● **AVAILABLE RECORDS**:
——————————
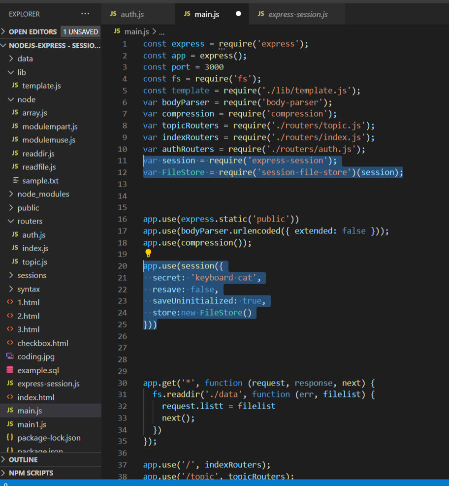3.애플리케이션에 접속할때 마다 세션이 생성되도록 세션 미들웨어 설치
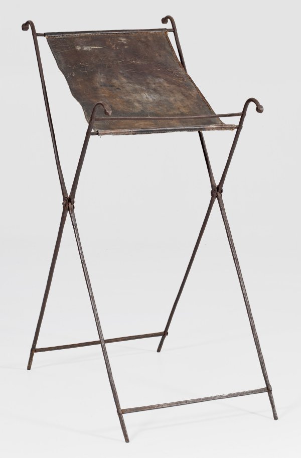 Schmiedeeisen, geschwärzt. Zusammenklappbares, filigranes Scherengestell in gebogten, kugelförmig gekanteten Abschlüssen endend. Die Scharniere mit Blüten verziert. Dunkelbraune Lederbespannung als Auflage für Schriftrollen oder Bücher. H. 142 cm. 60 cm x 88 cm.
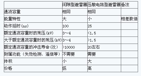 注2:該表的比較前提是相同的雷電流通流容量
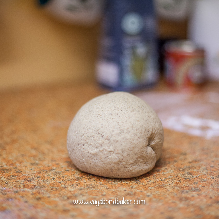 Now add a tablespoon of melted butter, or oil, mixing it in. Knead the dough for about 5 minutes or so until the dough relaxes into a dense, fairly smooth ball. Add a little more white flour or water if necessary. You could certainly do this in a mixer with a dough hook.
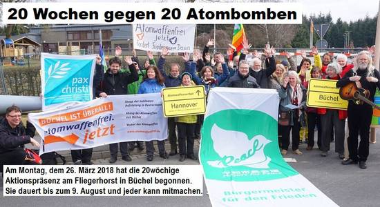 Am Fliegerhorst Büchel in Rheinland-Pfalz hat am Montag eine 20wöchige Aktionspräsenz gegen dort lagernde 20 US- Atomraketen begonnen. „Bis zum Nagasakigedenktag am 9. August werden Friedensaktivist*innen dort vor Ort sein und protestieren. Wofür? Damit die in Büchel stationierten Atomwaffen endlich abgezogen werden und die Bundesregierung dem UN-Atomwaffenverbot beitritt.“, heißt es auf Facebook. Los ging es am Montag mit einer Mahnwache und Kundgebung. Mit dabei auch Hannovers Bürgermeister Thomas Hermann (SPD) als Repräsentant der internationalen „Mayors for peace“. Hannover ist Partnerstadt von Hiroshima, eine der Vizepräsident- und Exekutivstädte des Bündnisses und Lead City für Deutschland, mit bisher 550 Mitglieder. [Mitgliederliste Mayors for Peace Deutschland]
——————————
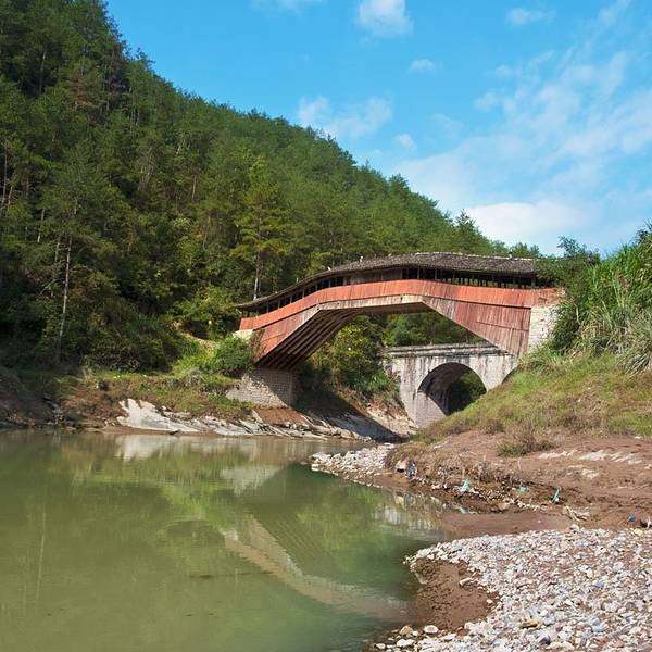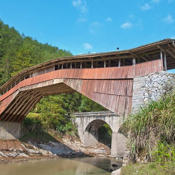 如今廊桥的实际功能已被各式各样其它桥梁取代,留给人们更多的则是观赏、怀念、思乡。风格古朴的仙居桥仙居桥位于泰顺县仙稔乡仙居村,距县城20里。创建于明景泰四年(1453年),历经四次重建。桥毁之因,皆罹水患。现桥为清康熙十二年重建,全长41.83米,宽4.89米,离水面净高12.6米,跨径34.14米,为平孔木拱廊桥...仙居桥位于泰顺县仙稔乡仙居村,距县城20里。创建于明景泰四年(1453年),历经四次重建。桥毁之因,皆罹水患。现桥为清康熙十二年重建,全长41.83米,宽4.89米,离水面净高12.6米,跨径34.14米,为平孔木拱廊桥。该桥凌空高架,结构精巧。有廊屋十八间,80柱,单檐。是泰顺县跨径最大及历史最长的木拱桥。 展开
——————————
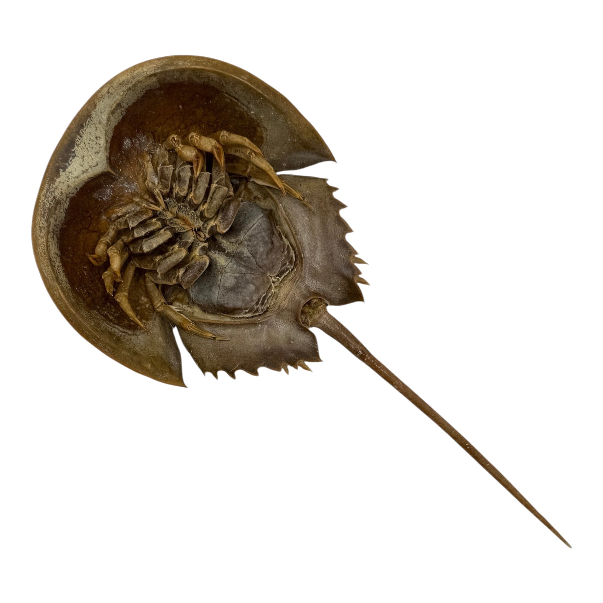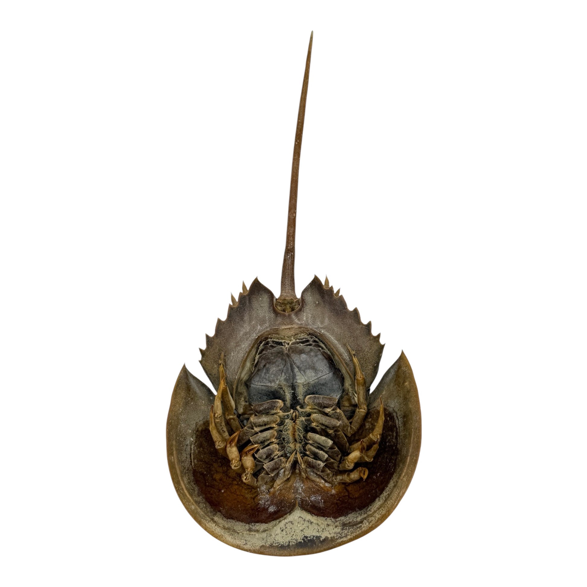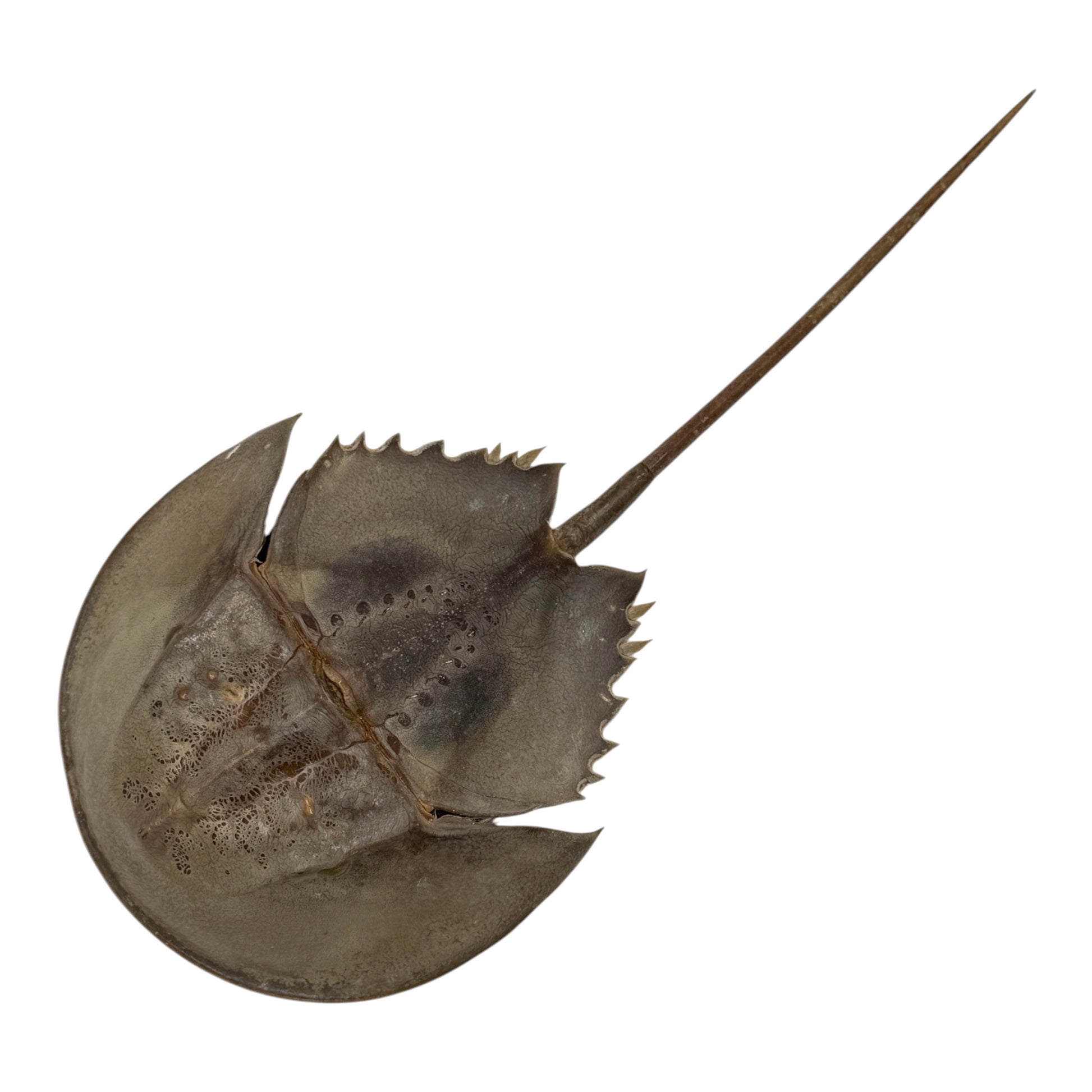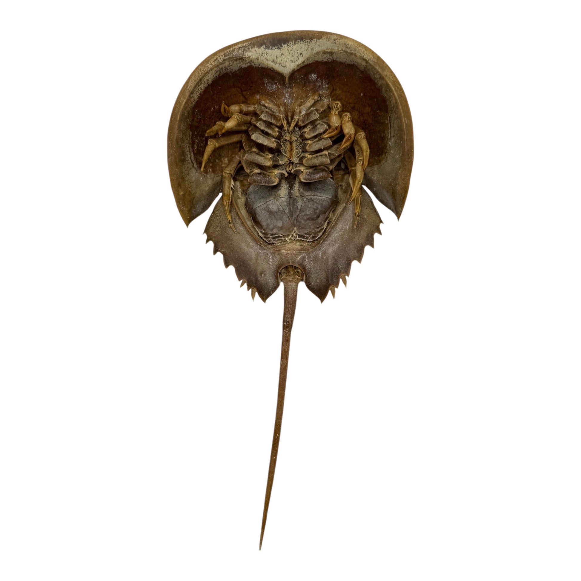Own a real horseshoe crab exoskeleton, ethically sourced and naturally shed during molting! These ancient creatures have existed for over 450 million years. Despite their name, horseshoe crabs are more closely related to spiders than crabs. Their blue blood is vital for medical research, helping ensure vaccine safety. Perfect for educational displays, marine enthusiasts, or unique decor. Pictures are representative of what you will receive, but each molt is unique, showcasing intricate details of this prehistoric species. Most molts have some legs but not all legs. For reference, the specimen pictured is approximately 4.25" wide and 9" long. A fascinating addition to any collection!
——————————
● **EXERCISE AIM**:
What you write must match the listing exactly, from the line with "Now add a tablespoon" up to and including the line with "Am Fliegerhorst Büchel". Pictures stay out.

● **SOLUTION**:
 Now add a tablespoon of melted butter, or oil, mixing it in. Knead the dough for about 5 minutes or so until the dough relaxes into a dense, fairly smooth ball. Add a little more white flour or water if necessary. You could certainly do this in a mixer with a dough hook.
 Am Fliegerhorst Büchel in Rheinland-Pfalz hat am Montag eine 20wöchige Aktionspräsenz gegen dort lagernde 20 US- Atomraketen begonnen. „Bis zum Nagasakigedenktag am 9. August werden Friedensaktivist*innen dort vor Ort sein und protestieren. Wofür? Damit die in Büchel stationierten Atomwaffen endlich abgezogen werden und die Bundesregierung dem UN-Atomwaffenverbot beitritt.“, heißt es auf Facebook. Los ging es am Montag mit einer Mahnwache und Kundgebung. Mit dabei auch Hannovers Bürgermeister Thomas Hermann (SPD) als Repräsentant der internationalen „Mayors for peace“. Hannover ist Partnerstadt von Hiroshima, eine der Vizepräsident- und Exekutivstädte des Bündnisses und Lead City für Deutschland, mit bisher 550 Mitglieder. [Mitgliederliste Mayors for Peace Deutschland]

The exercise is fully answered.